Nigeria has one of the youngest populations in the world with a median age of 18 years 7 months, which means that we are the 20th youngest out of 230 countries in the latest rankings. Yesterday’s unemployment numbers published by the National Bureau of Statistics placed the unemployment rate among Nigeria’s 15-34-year-olds at 42.5%. For the record, the total number of unemployed people was estimated to be around 23 million.
Yesterday’s report looks at the nature of and changes in rates of unemployment and underemployment and shows that the national unemployment rate was at 33.3% in Q4 2020 (up from 27.1% in Q2 2020). It gets worse when you add underemployment, which to put it simply, is those whose take-home pay cannot take them home.
It gets even worse when you factor in that of the 5.9 million Nigerians with BA/BSc/HND in the Labour Market, only 2.8 million of them are fully employed with 2.4 million of them being totally unemployed. What this says about the synergy between the educational system and the labour market and the economy isn’t flattering and the implications of this level of unemployment are even less enjoyable to consider.

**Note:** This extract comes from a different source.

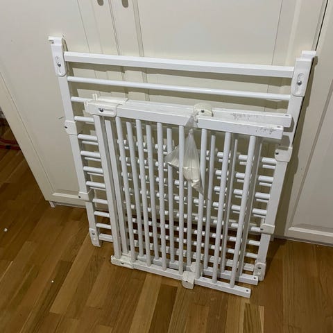 Jollyroom Barnesikringsgrind laget av svart metall. Designet for å sikre barn i hjemmet ved å blokkere tilgang til trapper eller andre områder. Enkel å montere og justere i bredde for tilpasning til ulike åpninger.

Let’s not beat around the bush, a country with 23 million unemployed people will pay a heavy price in economic and social costs. These costs include lost tax revenue, drops in consumption, spending and investment, social unrest, and crime rate spikes, among other issues. Savings levels also drop as these unemployed people have to be subsidised by their families and friends who end up with reduced disposable income, thus ensuring the continuation of a vicious cycle.

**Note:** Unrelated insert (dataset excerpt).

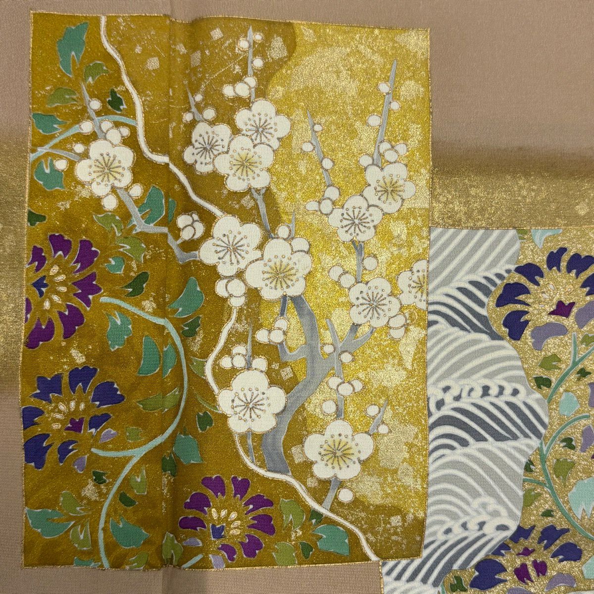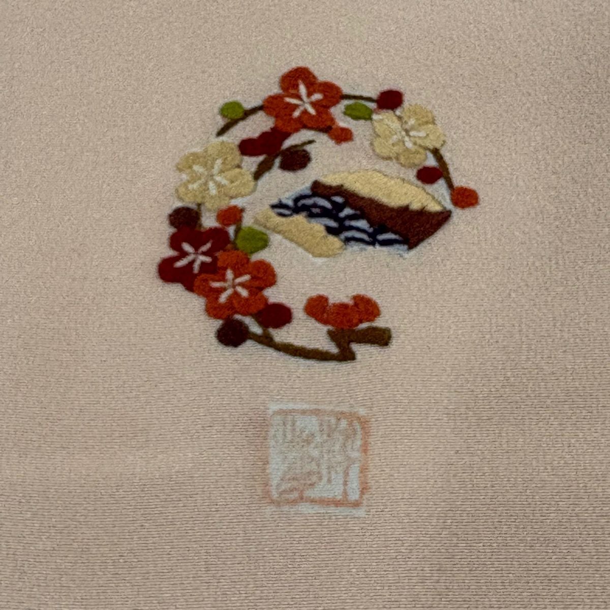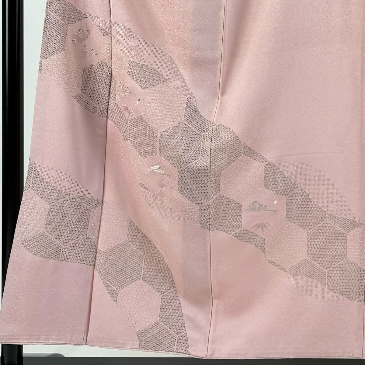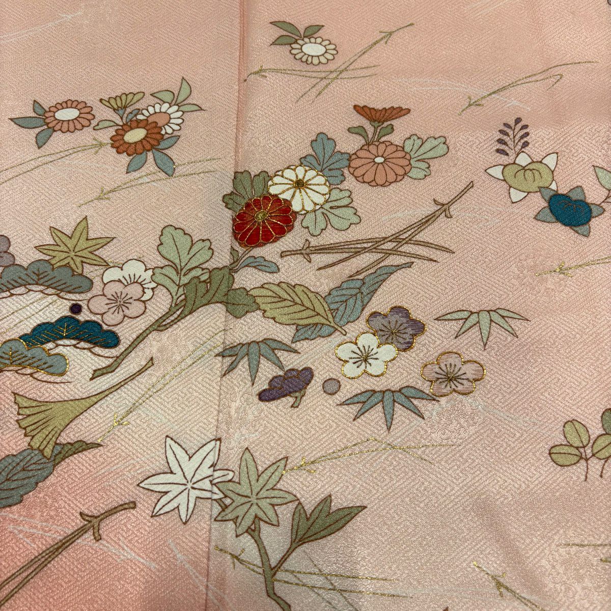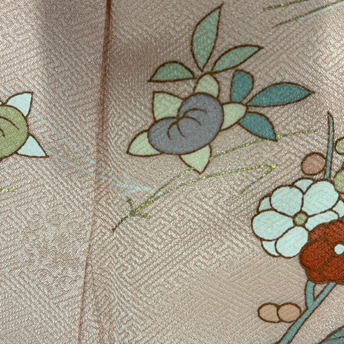 訪問着 身丈163cm 裄丈66cm M 袷 落款あり 吹き寄せ 松竹梅 金糸 金彩 薄ピンク 正絹 秀品

There are some people who will point to, and raise questions about the impact of the Covid19 pandemic on the economy but, arguably, the actions and inactions of the government have played a much more influential role in this disaster. Before the pandemic, Nigeria’s government reacted to reduced crude oil receipts by installing a harsher taxation regimen that squeezed the economy. Even worse, Nigeria’s government embarked on a boneheaded closure of our national borders. This border closure had an outsize impact on trade, which is the second-largest employer of labour in our economy. Then as if on a death wish, the government has been strangely lenient in response to the activities of the so-called “herdsmen” who have gone on kidnapping and murdering sprees that have discouraged investment in agriculture, our largest employer of labour. This insecurity is also discouraging interstate road travel (Transport), another significant employer of labour, and one which ties both Agriculture and Trade. The existence of a hostile approach to private businesses by the federal and state governments has been another major albatross and policy responses should focus on these and other foundational restrictions in Nigeria’s Constitution, political culture, and governance methods that stifle the economy.
There is also a need to consider the effect of hysteresis which in this instance refers to how extended unemployment could eventually make people even less able to get employment due to their loss of skill, sharpness, or work experience. A change in the labour market that coincides with their extended absence from a work environment also makes employability harder to achieve. In Economics, hysteresis states that historical rates of unemployment are likely to influence the current and future rates of unemployment. This would mean that the technical and vocational education that should keep unemployed people primed for the workplace and even prepares them for better employment opportunities are very important now.
A proactive approach to managing the mental health of the unemployed by working to keep them from depression, suicide, violence, or engaging in substance abuse in their search for coping mechanisms is vital to keep the social costs of unemployment from festering even further.
The present government came in promising “change”. While we should have been clearer on the type of change being expected, Nigeria must accept that it is time to put aside the use of disastrous statist policies and embrace a responsible strain of capital and devolved decentralised government that rewards excellence, prioritises productivity, and punishes mediocrity. The number of Nigerians who are of age and willing to work but unable to get any is something we should be very concerned about especially at a time when Nigeria is dealing with significant food inflation rises. Just as I was rounding up this piece, the NBS published the inflation numbers – 22% food inflation!
For a country in which according to research carried out by SBM Intelligence, 63% of our people spend 59% of their income on just food, that level of food inflation is murder. We have failed enough for five generations and have to do better now. The number of fully employed Nigerians in Q2 2015 was 67 million and now the figure stands at 30 million. The 37 million people who have lost jobs in the last six years are not dead. We must do something about them or we will all suffer what they are suffering.